Dorothy has this magical gift of speech that allows her to talk without stopping while throwing in more non-sequiturs than those found in L. Ron Hubbard’s book of Scientology. Somehow she’ll segue from brushing her teeth to the importance of cage humidity for Chinese water dragons (unless you live in a warm climate).
Most of her stories, actually ALL of her stories start with ” I was walking my dog…”, and end with anything from “…so that’s the last time I’ll ever cook pot roast while taking a bath” OR ” …the doctor said my eye will stop twitching after the root canal, but only if I stop using hairspray.”

Dorothy’s talent usually brings out *my* superpower which is “The Inability to Suppress Laughter When It’s Entirely Inconvenient—Usually At Work When I Have To Greet People And Answer The Phone Or Talk To My Boss” so I find myself : 1. Running away from her 2. Desperately trying to stifle my spit-infused, jovial facial spasms AND 3. Collapsing to the floor in a full out frenzied fit of laughter. If this happens while I’m on the phone, I simply hang up and repeat steps 1-3.

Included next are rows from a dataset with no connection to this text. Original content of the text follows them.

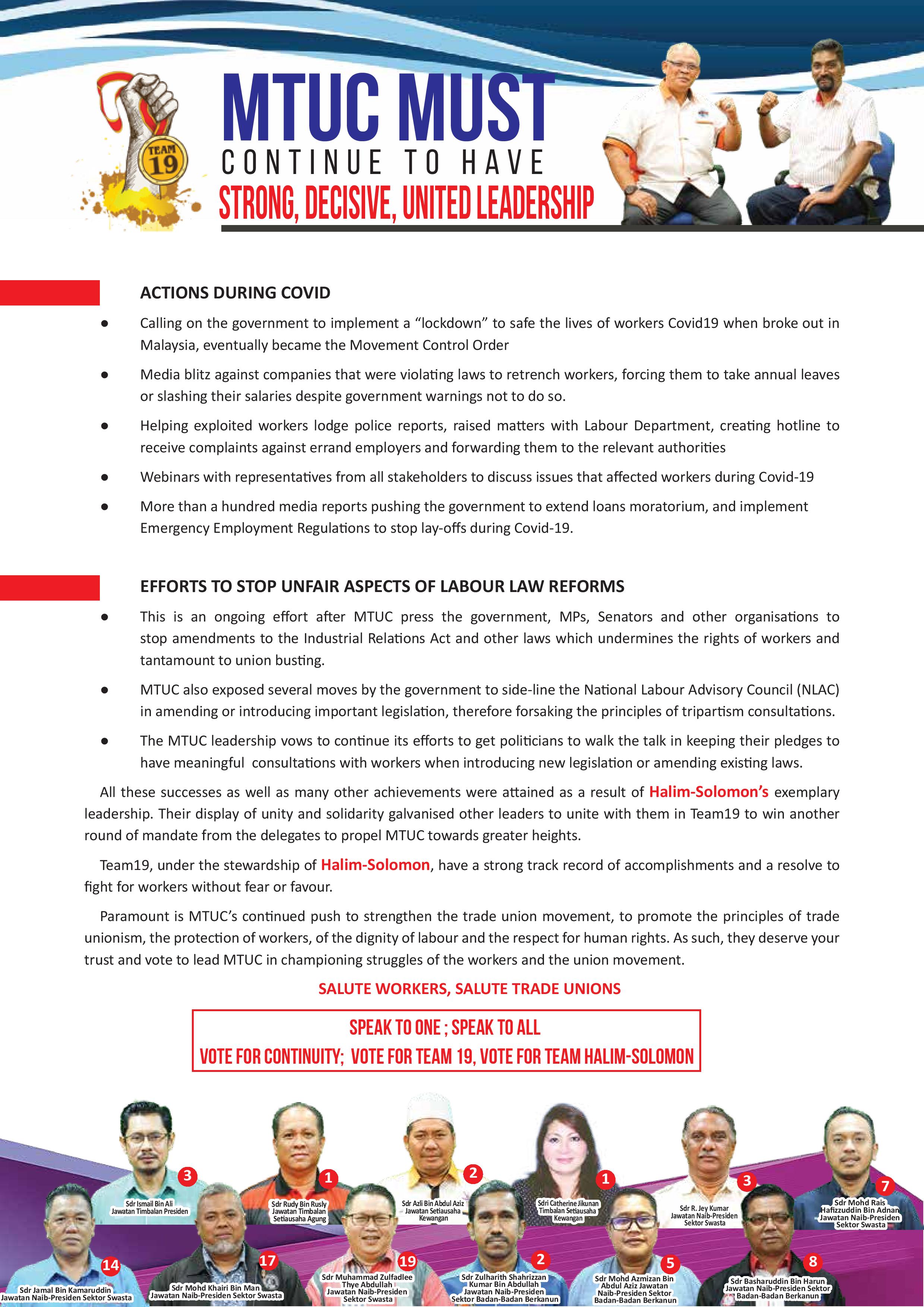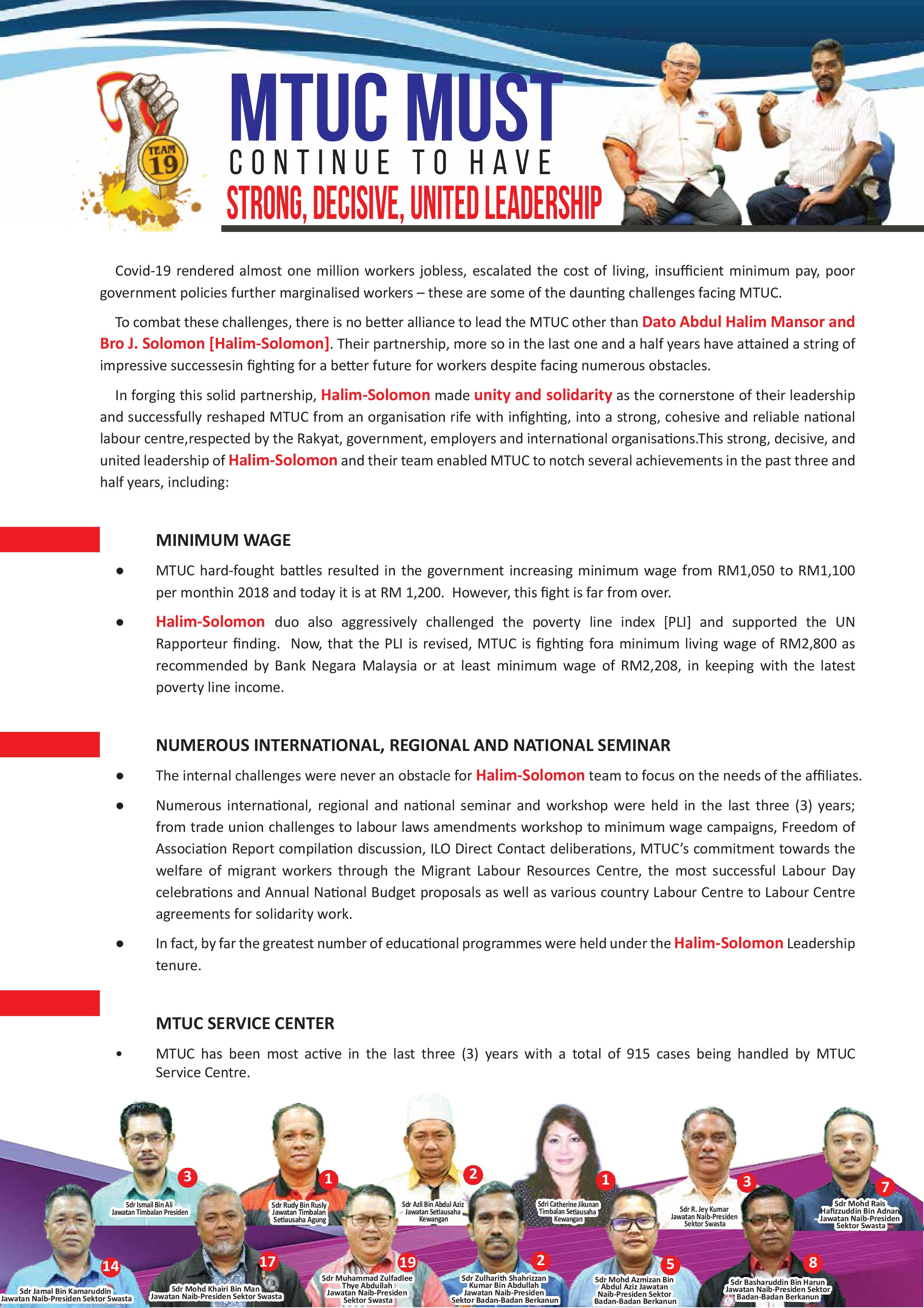 MTUC MUST | CONTINUE TO HAVE | STRONG, DECISIVE, UNITED LEADERSHIP
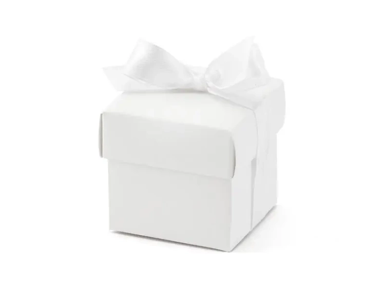 Delikatne białe pudełka z kokardką, stworzone z wysokiej jakości papieru, idealnie nadające się na drobne upominki dla gości. Każde pudełko jest udekorowane satynową taśmą, co nadaje im wyjątkowej elegancji. Po złożeniu pudełka mają wymiary 5,2x5,2x5,2 centymetrów, co sprawia, że są praktyczne i stanowią wygodną opcję na małe prezenty. W opakowaniu znajdują się 10 sztuk pudełek.
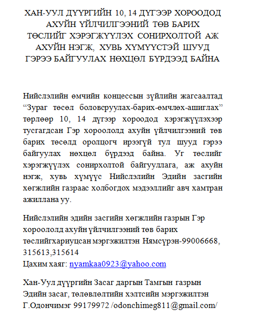 ХУД-ЫН НЭГДСЭН ЭМНЭЛЭГТ ГАРСАН УУРЫН ЗУУХНЫ ГЭМТЭЛТЭЙ ДҮҮРГИЙН ЗАСАГ ДАРГА ТАНИЛЦАЖ, ХЭВИЙН ҮЙЛ АЖИЛЛАГААНД ОРУУЛАХААР АЖИЛЛАЖ БАЙНА 2016-11-24 09:37:50
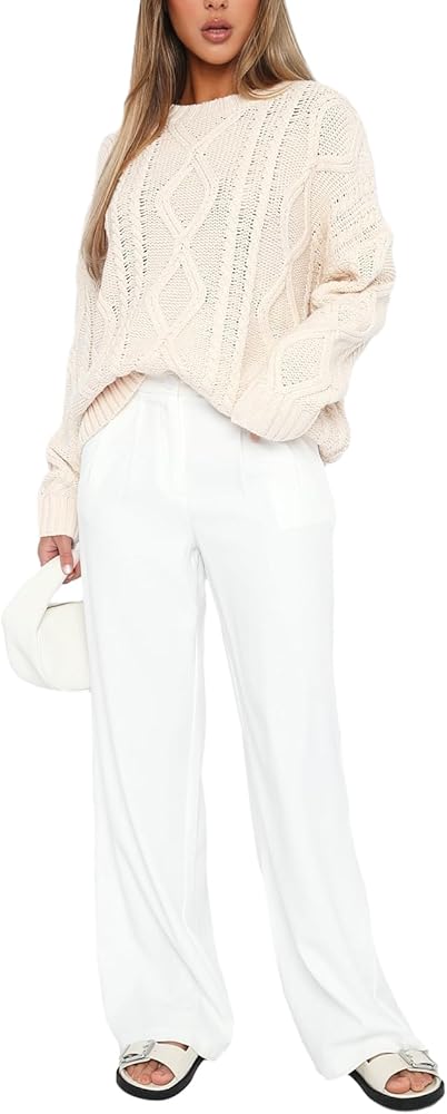 Features: Oversized sweaters for women, long sleeves, round neck, hollow out, drop shoulder, solid color, loose fit, basic length, pull-on closure. Cable knit sweater, easy to put on and take off.
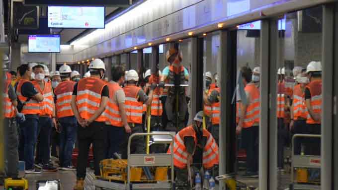 ▲港铁指昨天早上事故后,职员按程序开启车门让乘客在月台旁边离开车厢。
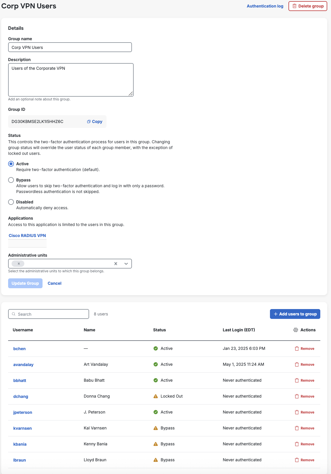 You can use groups to organize and manage users in Duo. For example, a group can be associated with a particular Duo application and configured so that only users who are members of that group can authenticate to that Duo application. You can change the status of a group to quickly enable or disable multiple users at once. You might also find groups useful for reporting and logging purposes, such as viewing authentication activity only for members of a particular group.
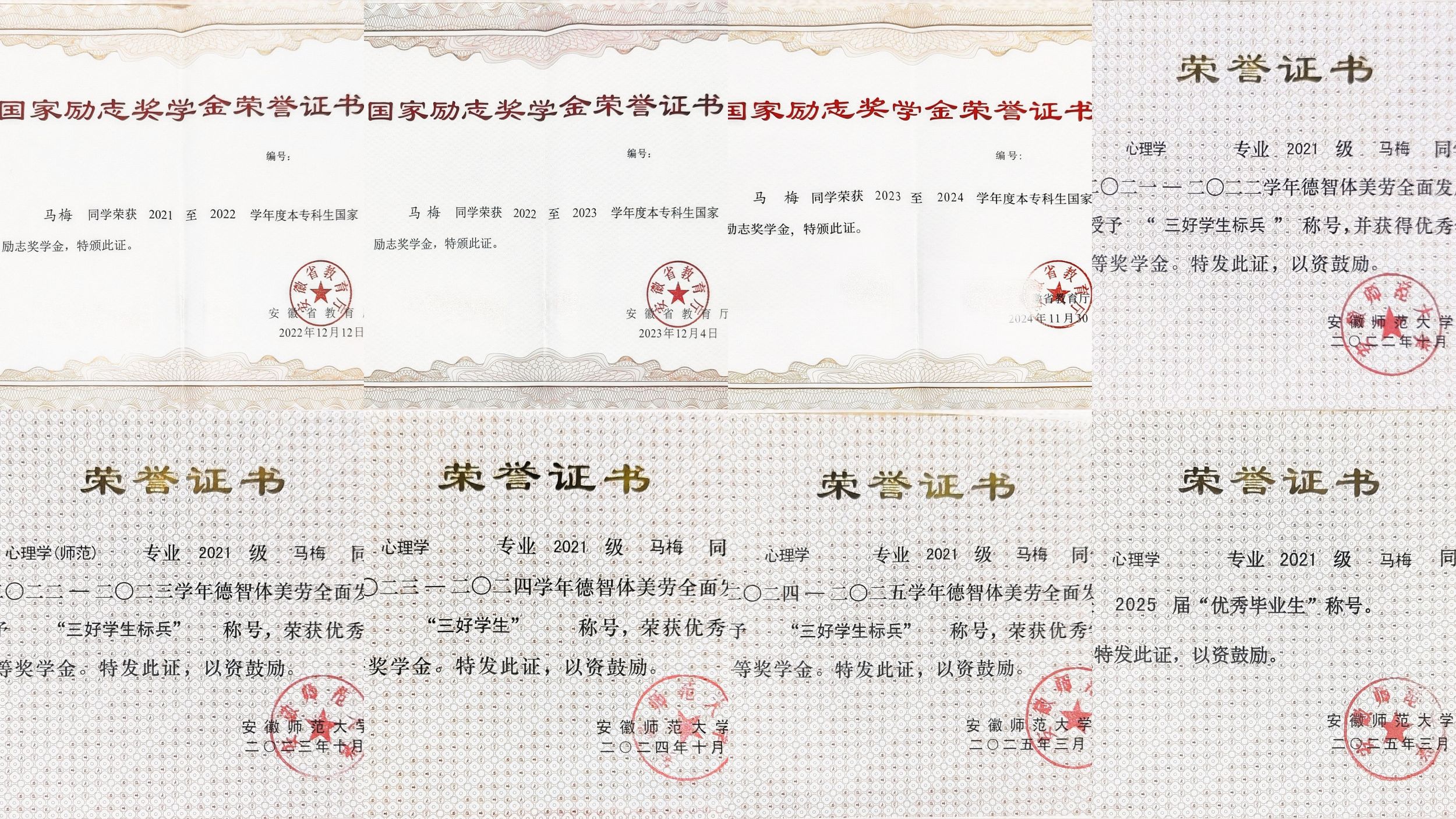 立身百行,以学为基。马梅始终秉持着“行而不辍,履践致远”的信念。她四年平均综合成绩在班级内排名第一,并成功获得推免资格推免至南京师范大学。她曾获得国家励志奖学金、校级一等奖学金及“三好学生标兵”荣誉称号、校级二等奖学金及“三好学生”荣誉称号、校级“优秀毕业生”荣誉称号、教育科学学院“教科之星十佳大学生”等荣誉。此外,她通过了高中教师资格考试和英语四六级考试。在专业实习中获得了优秀成绩。
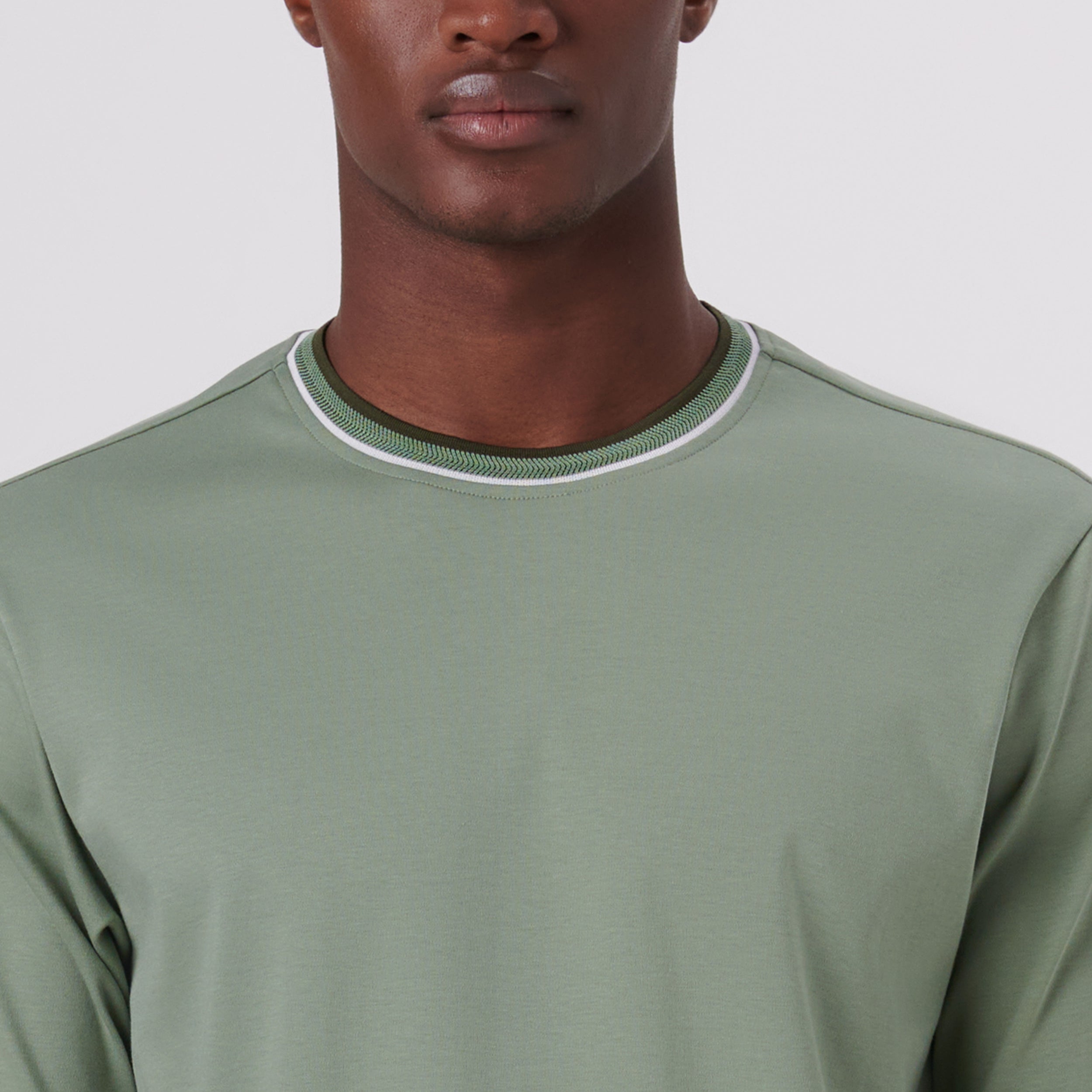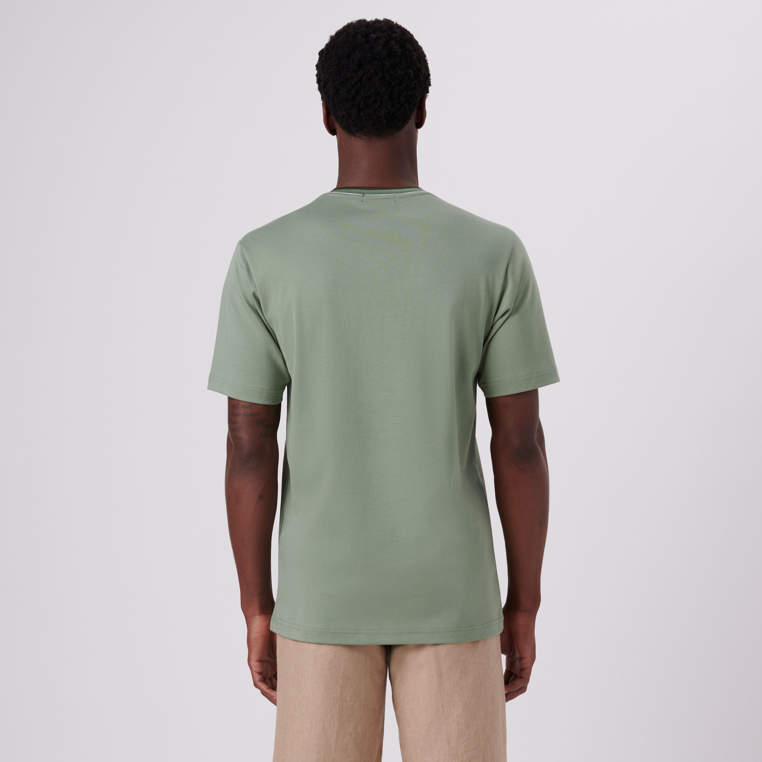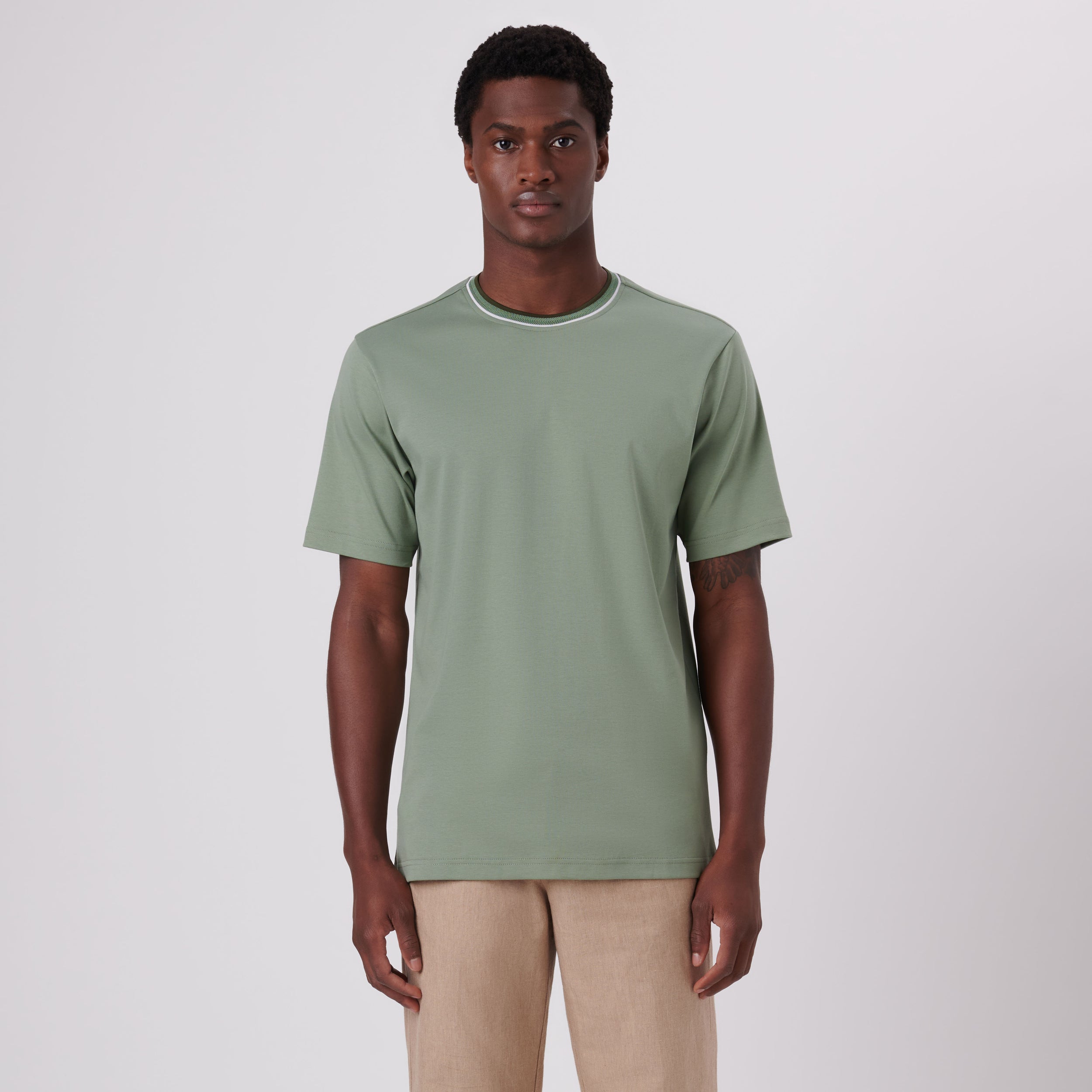 Solid short-sleeved crew neck T-shirt in 100% pima cotton with chevron striped rib knit collar and double contrast tipping detail.
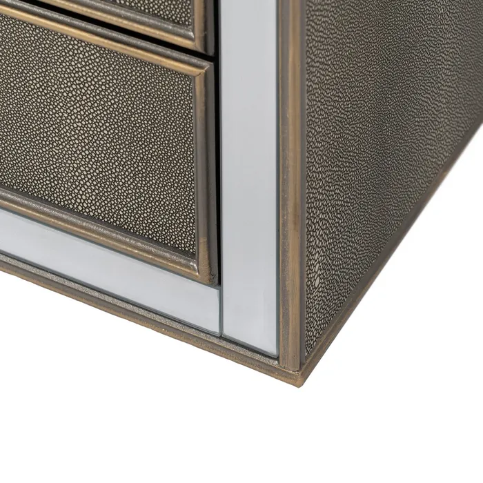 Această noptieră de lux Chloe, cu dimensiunile de 51 cm lățime, 41 cm adâncime și 51 cm înălțime, este o piesă elegantă și sofisticată, realizată din sticlă și material care imită pielea. Noptiera dispune de trei sertare spațioase, fiecare având dimensiunile de 42x13 cm, oferind un spațiu generos pentru depozitarea obiectelor personale. Finisajele aurii și textura sofisticată a sertarelor adaugă un aer glam, fiind ideală pentru interioare moderne și exclusiviste. Această noptieră este perfectă pentru a adăuga personalitate dormitorului tău. Comode și noptiere de lux doar la CreativDeco!
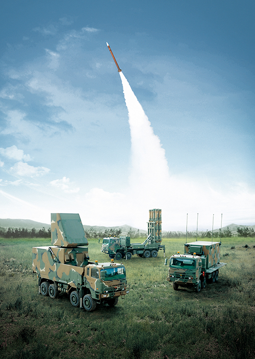 The korean medium-range surface-to-air missile(KM-SAM) system, which had been domestically developed by Agency for Defense Development(ADD), is designed to respond effectively to various aerial threats interupting at mid/low altitude for providing advanced area air defense capability.

Now on top of all this, Dorothy manages to insult me every day in a very passive-yet-anything-but-a ggressive way. So as she is telling one of her epic stories, as fervently as a starving hummingbird desperately searching for the last drop of nectar, she puts me down, not-so- subtly, sprinkling insults here and there, as obvious as coffee grinds on a white wedding cake. You know it’s there, but you ignore it because it’s *still* cake dammit and that reception was so long and I’m hungry!!!!! I had to use a wedding reference because once she said, ” I think it’s inappropriate when weddings don’t have food.” And I’m pretty sure her niece gets married every weekend after she walks her dog because that’s always a plot point in her stories.

Ha.

So here are the most recent examples of Dorothy in her element.

Enjoy.

D: You look really nice today!

A: Thanks!

D: You’re always wearing interesting things. I wish I had the guts to dress like you.

A: Well I..

D: It’s good that I don’t dress like you though, because my boss has been firing a lot of people lately, I don’t even know why. I’m so scared to do anything wrong around him. Recently, someone got fired for saying a client’s name wrong and I don’t even know what I would do if I were to get fired. I’d have to find another job and I would have to move and some places don’t allow you to keep dogs so I’d have to find an apartment that allows pets. He’s just a small dog so wouldn’t be that much of a problem. But I always like how you dress and I really wish I could dress like that too but I know my boss would fire me for dressing like a weirdo. Especially if I wore that nailpolish you have on. People would think I was morbid and probably wouldn’t talk to me at work and my boss doesn’t like strange nail-polish either. He said it’s distracting.

A: ……..


I think that day I was wearing a black shirt with a green scarf?…so…I guess that makes me a weirdo. And the nail-polish? Dark blue. Not black. Stop it.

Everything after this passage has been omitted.